As of Visual Studio 2013, std::chrono::high_resolution_clock is still typedef'd to system_clock which is unacceptable to us as game developers. We need true high resolution times for profiling and getting accurate frame times.

#include <chrono>
#include <Windows.h>

class high_resolution_clock {
public: // types
  typedef double                                          rep;
  typedef std::ratio<1, 1>                                period;
  typedef std::chrono::duration<rep, period>              duration;
  typedef std::chrono::time_point<high_resolution_clock>  time_point;
  
public: // data
    // Whether the clock is non-decreasing.
    static const bool is_monotonic = true;
    // Whether the clock is monotonic and the time between clock ticks is constant.
    //  (The time between ticks is retrieved using QueryPerformanceFrequency.)
    static const bool is_steady = true;
};

We start off by defining some basic members that all clocks have.

rep is the type representing the number of ticks. period is the tick period in seconds; ratio<1,1> means we'll be using seconds. duration is the difference between two times. time_point is measurement at a moment in time.

is_monotonic indicates whether the clock values are non-decreasing. is_steady indicates whether the time between ticks remains constant.

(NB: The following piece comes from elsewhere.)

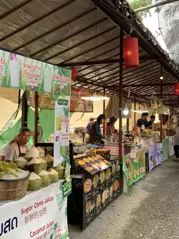 If you love exploring charming markets with a chic and unique vibe, then "Kad Ba Paw Market" in Chiang Mai is a must-visit spot. Every time you come here, you'll be greeted with an adorable atmosphere that makes strolling around a delightful experience. The market features a variety of cute products and numerous food stalls offering delicious treats, making it a perfect place to shop, eat, and enjoy. Once you visit, you'll likely want to return every week! It's a favorite destination for both Thai and international tourists.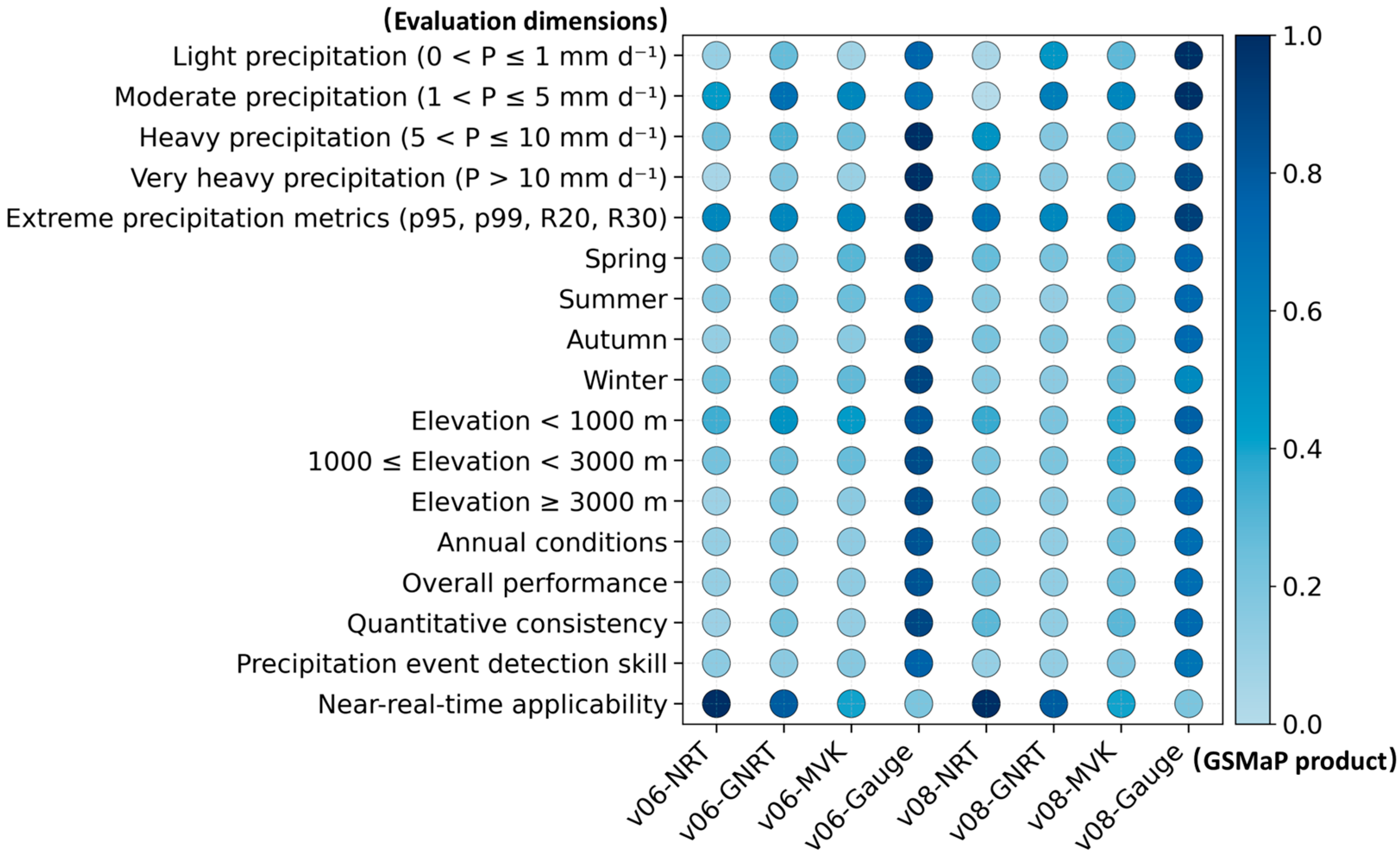Figure 16. Clear differences appear among GSMaP versions and products across the evaluated dimensions. This result shows that no single product performs best under all conditions. Gauge-adjusted products perform well in most categories, especially for extreme precipitation, seasonal scales and different elevation ranges. This indicates improved quantitative agreement and enhanced stability. Among the products, v08-Gauge attains the highest scores and shows the strongest performance in general evaluation, extreme precipitation detection and across different environmental conditions.

Let's establish a couple helper functions:

class high_resolution_clock {
// ...
private: // methods
  // Number of ticks per second.
  static int64_t frequency() {
    static int64_t freq = -1;
    if (freq == -1) QueryPerformanceFrequency((LARGE_INTEGER*)&freq); 
    return freq;
  }

  // Counter value at the start of the application.
  static int64_t start_count() {
    static int64_t count = 0;
    if (count == 0) QueryPerformanceCounter((LARGE_INTEGER*)&count);
    return count;
  }
};

frequency will call QueryPerfomanceFrequency for us to get the number of ticks per second. It'll cache the result so we only have to call QueryPerformanceFrequency once. start_count gives us the time near the start of the application. This is used in a subtraction from future calls to QueryPerformanceCounter to make the time value smaller. The int64_t value used to store time can store very large numbers that a double cannot. This way we can ensure the double is capable of holding the time value.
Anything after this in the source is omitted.